- _Problem to work on_
In the copy, keep every record exact and leave out all images.

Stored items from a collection
*** Block opens ***
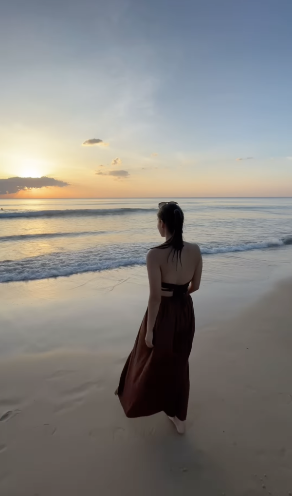 近日她在社交平台上分享了一段身穿泳衣,在海邊散步的影片,甚少有性感穿搭的她在影片中穿上deep V啡色紅泳衣,露出白滑美背,網民都不禁留言道:「未見過你咁性感!」,而她亦在留言中提及自己開設的新公司,得到不少網民與好友的祝福與鼓勵。
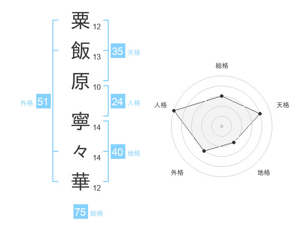 粟飯原 寧々華さんを姓名の画数から五運を鑑定
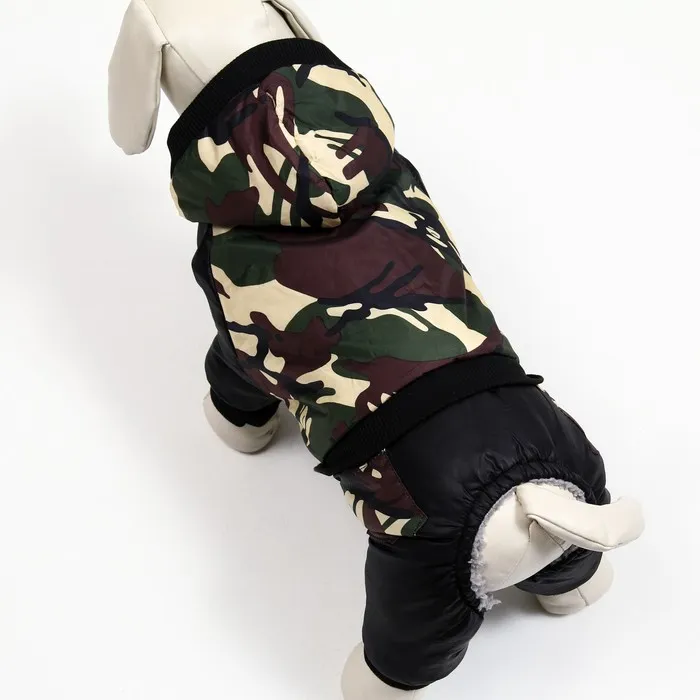 Комбинезон с меховой подкладкой из водоотталкивающей и ветрозащитной ткани с застежками на кнопках снизу идеален для прогулок в холодную, морозную, сырую погоду и защитит вашу собаку от холода, снега и грязи. Подходит для мальчиков и девочеr. Капюшон с мехом спасает от задува ветра. Интересный дизайн и необычные цвета выделят вашего любимца и сделают ваши прогулки комфортнее. Сезон весна - осень - зима.
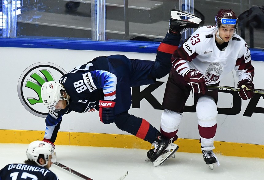 Tikai dienu pēc pievienošanās komandai un bez neviena treniņa kopā ar komandu pirmo spēli 2018. gada pasaules čempionātā aizvadīja Teodors Bļugers, un centra uzbrucēja rezultatīvā piespēle palīdzēja Latvijas izlasei atņemt vienu punktu amerikāņiem – 2:3 pagarinājumā. Pēc dueļa viņš norādīja, ka laukumā juties labi, taču ir bijis arī labāk.
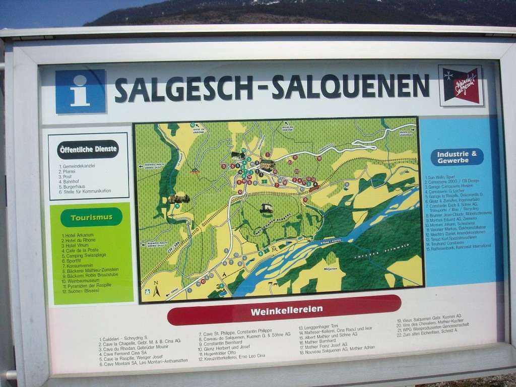 Nach dem zweiten Weltkrieg begann der Wandel vom damaligen Bauerndorf zum gegenwärtigen Weindorf. 203 Hektaren Rebberg und über vierzig Weinbetriebe prägen heute den salgescher Alltag. Als Gemeindewappen trägt das 1200-Seelen-Dorf das Kreuz der Johanniter. Die Glaubensbrüder liessen sich im 13. Jahrhundert in Salgesch nieder, um im Sinne des Ordens eine Herberge für Pilger und Reisende ein zu richten. Ob Johanniter, die während rund 400 Jahren in Salgesch verweilten, den Standort des guten Weines wegen gewählt haben, ist zwar urkundlich nicht belegt, doch höchst wahrscheinlich.
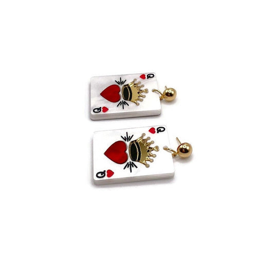 Queen of Hearts Playing Card Earrings
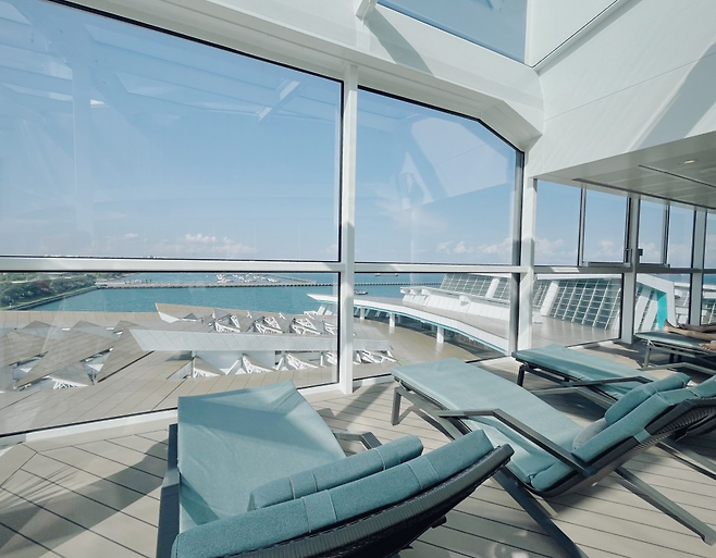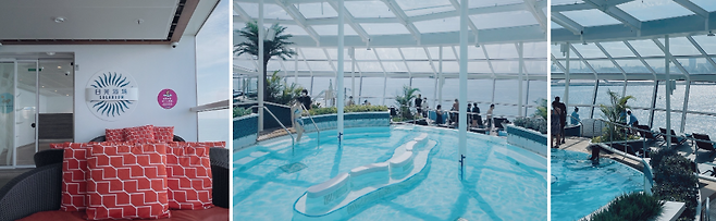14층 데크에 있는 실내외 수영장과 선베드는 일정 중 가장 먼저 찾았던 곳이다. 크루즈 첫 날 승선하면 사람들이 이곳부터 모여든다. 실컷 즐기다가 이너피스(내적 힐링)가 필요하다면 언제든 와서 머무르게 될 것이다.
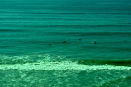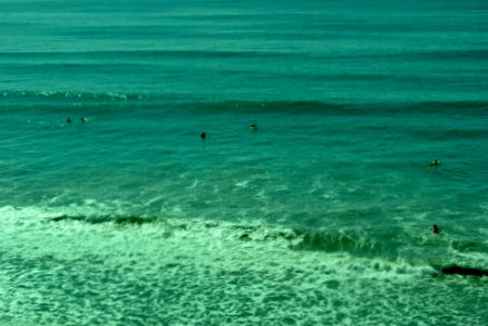 Surfers out in the water along the Del Mar Bluffs.
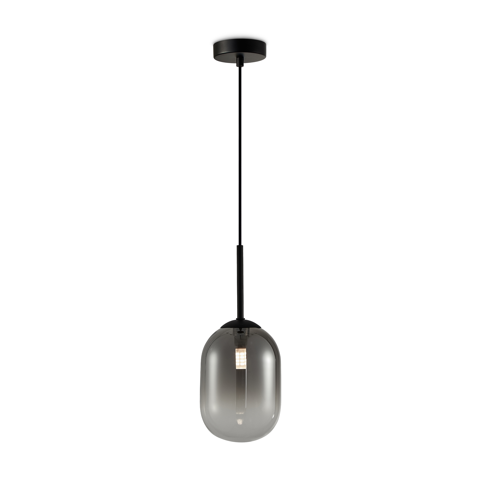 Арматура из металла матового черного цвета. Плафон из стекла с окрасом растяжка. Цвет дымчатый. Модификация — настенные, потолочные и настольные светильники. Источник света — лампа. Цоколь G9.
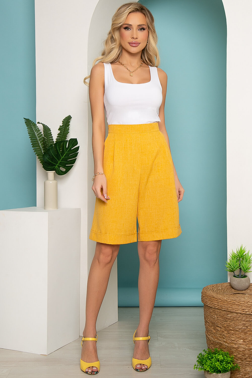 Шорты-бермуды - стильный тренд сезона. Помогут создать интересный деловой образ, если дополнить жакетом или украсят Ваш привычный повседневный. Шорты с высокой посадкой, на притачном поясе. Шорты имеют защипы по переду, карманы, имитацию гульфика, а также отвороты по низу. В боковом шве потайная молния, по спинке на резинке для идеальной посадки.
*** Block closes ***
- _Written answer_
 近日她在社交平台上分享了一段身穿泳衣,在海邊散步的影片,甚少有性感穿搭的她在影片中穿上deep V啡色紅泳衣,露出白滑美背,網民都不禁留言道:「未見過你咁性感!」,而她亦在留言中提及自己開設的新公司,得到不少網民與好友的祝福與鼓勵。
 粟飯原 寧々華さんを姓名の画数から五運を鑑定
 Комбинезон с меховой подкладкой из водоотталкивающей и ветрозащитной ткани с застежками на кнопках снизу идеален для прогулок в холодную, морозную, сырую погоду и защитит вашу собаку от холода, снега и грязи. Подходит для мальчиков и девочеr. Капюшон с мехом спасает от задува ветра. Интересный дизайн и необычные цвета выделят вашего любимца и сделают ваши прогулки комфортнее. Сезон весна - осень - зима.
 Tikai dienu pēc pievienošanās komandai un bez neviena treniņa kopā ar komandu pirmo spēli 2018. gada pasaules čempionātā aizvadīja Teodors Bļugers, un centra uzbrucēja rezultatīvā piespēle palīdzēja Latvijas izlasei atņemt vienu punktu amerikāņiem – 2:3 pagarinājumā. Pēc dueļa viņš norādīja, ka laukumā juties labi, taču ir bijis arī labāk.
 Nach dem zweiten Weltkrieg begann der Wandel vom damaligen Bauerndorf zum gegenwärtigen Weindorf. 203 Hektaren Rebberg und über vierzig Weinbetriebe prägen heute den salgescher Alltag. Als Gemeindewappen trägt das 1200-Seelen-Dorf das Kreuz der Johanniter. Die Glaubensbrüder liessen sich im 13. Jahrhundert in Salgesch nieder, um im Sinne des Ordens eine Herberge für Pilger und Reisende ein zu richten. Ob Johanniter, die während rund 400 Jahren in Salgesch verweilten, den Standort des guten Weines wegen gewählt haben, ist zwar urkundlich nicht belegt, doch höchst wahrscheinlich.
 Queen of Hearts Playing Card Earrings
14층 데크에 있는 실내외 수영장과 선베드는 일정 중 가장 먼저 찾았던 곳이다. 크루즈 첫 날 승선하면 사람들이 이곳부터 모여든다. 실컷 즐기다가 이너피스(내적 힐링)가 필요하다면 언제든 와서 머무르게 될 것이다.
 Surfers out in the water along the Del Mar Bluffs.
 Арматура из металла матового черного цвета. Плафон из стекла с окрасом растяжка. Цвет дымчатый. Модификация — настенные, потолочные и настольные светильники. Источник света — лампа. Цоколь G9.
 Шорты-бермуды - стильный тренд сезона. Помогут создать интересный деловой образ, если дополнить жакетом или украсят Ваш привычный повседневный. Шорты с высокой посадкой, на притачном поясе. Шорты имеют защипы по переду, карманы, имитацию гульфика, а также отвороты по низу. В боковом шве потайная молния, по спинке на резинке для идеальной посадки.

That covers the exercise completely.